Use your R data manipulation tools to download, parse and transform JSON data to the R format you need for your analysis.

Example data available here: <https://brave-pasteur-c09ffa.netlify.app/slides/data/json-simple-example.json>

---

# Now we are entering the world of more complex and less structured data

---

# Caveat about Web Scraping

- We are only scratching the surface of web scraping

- I just want you to know that these things are possible, so that you know where to look in future work.

---

# 👩 💻 Web scraping

[Web scraping](https://en.wikipedia.org/wiki/Web_scraping) simply means programmatically gathering data from websites.
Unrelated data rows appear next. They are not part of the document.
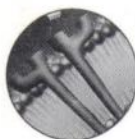
TYROSINE KINASE RECEPTORS
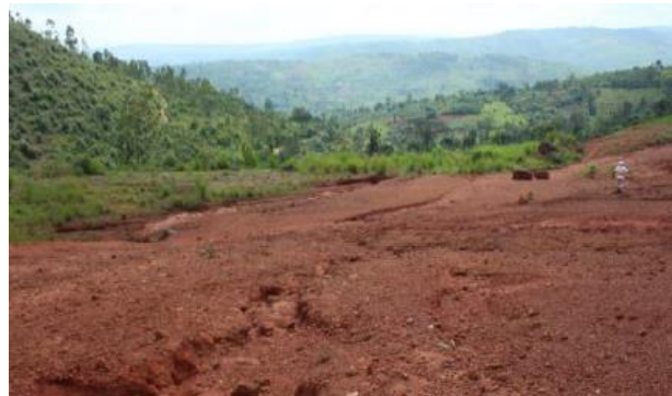
Quarry Colline de Rushanga
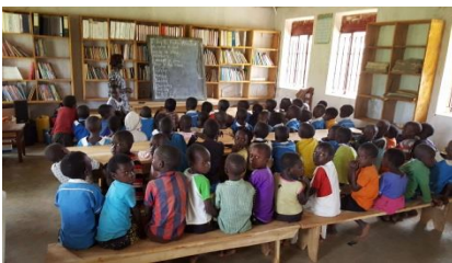
Learning in the Library

Last lesson we learned a particular form of web scraping: downloading tabular and often tidy structured data files/data APIs.
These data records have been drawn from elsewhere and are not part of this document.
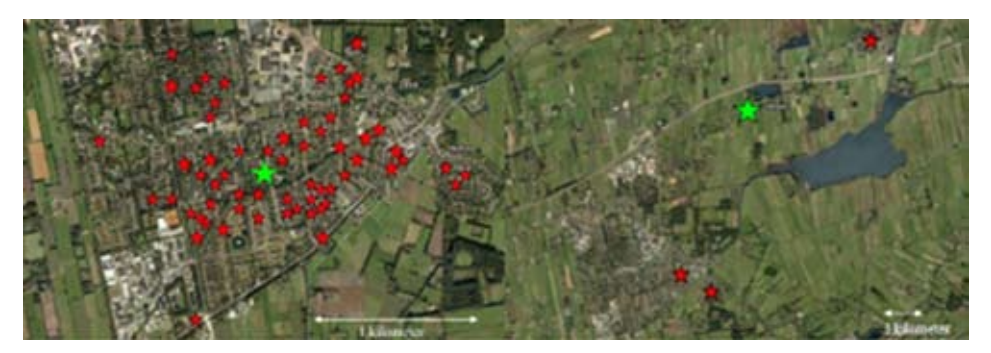
Figure 1. Clear difference in dispersal of hause sparrows in suburban (left) and rural (right) situation. Green star = catching site, red star = sightings of colour banded sparrow.

House sparrows banded in Leek[suburban] are seen within 2 km around the trapping site. A remarkable difference with House sparrows ringed in Lettelbert [rural], which are seen over much bigger distances. On the other hand the rural House sparrows are more sedentary and less likely to roam (Fig. 1).
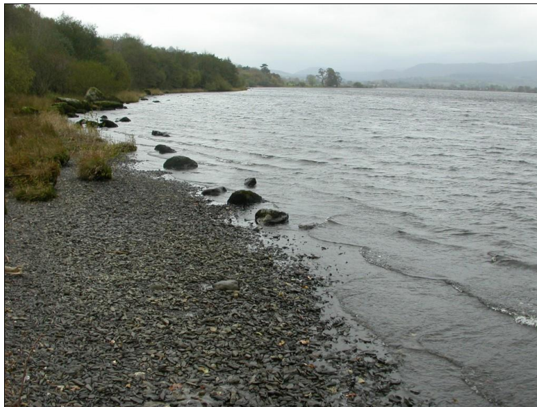
Figure 1: Monitoring Site 3 (looking south).

A study supported by Natural Resources Wales & Freshwater Habitats Trust
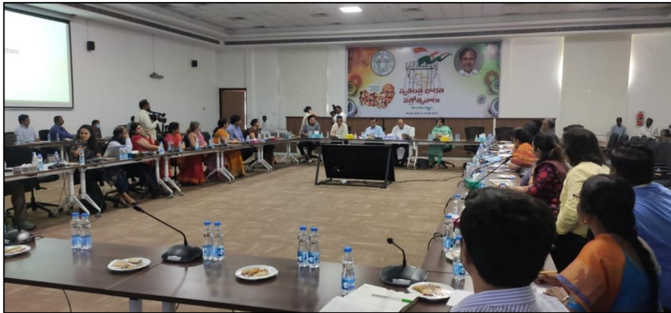
Figure 8: Partners' Meeting by Chief Secretary BPNI Accreditation taken up by NHM

You can also download information that is not as well structured for statistical analysis:

- HTML tables

- Text on websites

- Information that requires you to navigate through web forms

To really master web scraping you need a good knowledge of HTTP and HTML.

---

# The most basic tools for web scraping in R:

- [rvest](https://github.com/hadley/rvest): scraping + parsing

+ [Parsing](http://en.wikipedia.org/wiki/Parsing): the analysis of HTML
    (and other) markup so that each element is syntactically related in a
    **parse tree**.

- [httr](https://github.com/r-lib/httr): gather data from APIs + simple parsing

- [jsonlite](https://cran.r-project.org/web/packages/jsonlite/index.html): parse and create JSON

- Also, [XML](http://cran.r-project.org/web/packages/XML/index.html)
parsing

---

# Key steps:

1. **Look at** the HTML for the webpage you want to scrape (e.g. use Inspect 
Element in Chrome).

2. **Request** a URL with `read_html` (rvest) or `GET` (httr).

3. **Extract** the specific content nodes from the request with `html_nodes`.
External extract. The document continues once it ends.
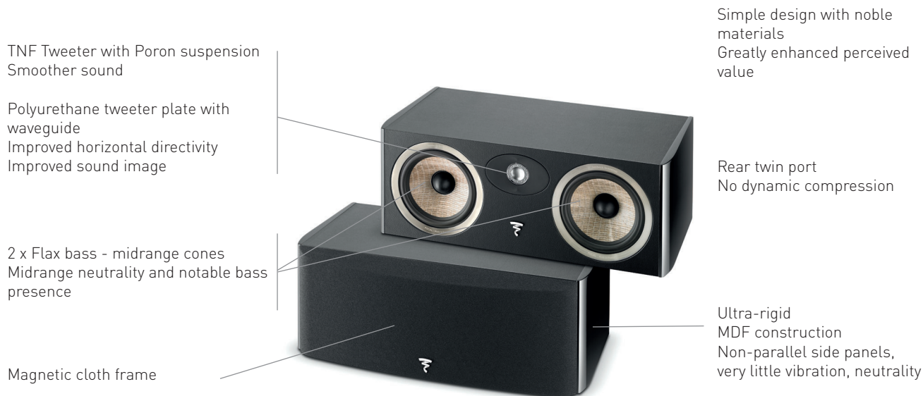
Aria CC 900 Black High Gloss

The Aria CC 900 2-way center speaker can be easily combined with the front speakers of the range. The CC 900 was developed with particular attention to timber matching in order to obtain sonic coherence and homogeneity for all kinds of configurations. Recommended for rooms measuring from 215ft 2 (20m 2 ) and for a listening distance of 10ft (3m).

4. **Convert** the nodes to your desired R object type.

5. **Clean** content (there are many tools for this suited to a variety of
problems).

---

# Inspect a webpage's source from Chrome

---

# 😏 Behind the scenes: how to programmatically communicate with the world wide web

---

# World's first web server

Source: [wikipedia](https://en.wikipedia.org/wiki/Tim_Berners-Lee#/media/File:First_Web_Server.jpg)

---

# 👩 HTTP: Hypertext Transfer Protocol

Tim Berners-Lee proposed and implemented the Hypertext Transfer Protocol (HTTP).

Allowed documents to be **linked** to each other.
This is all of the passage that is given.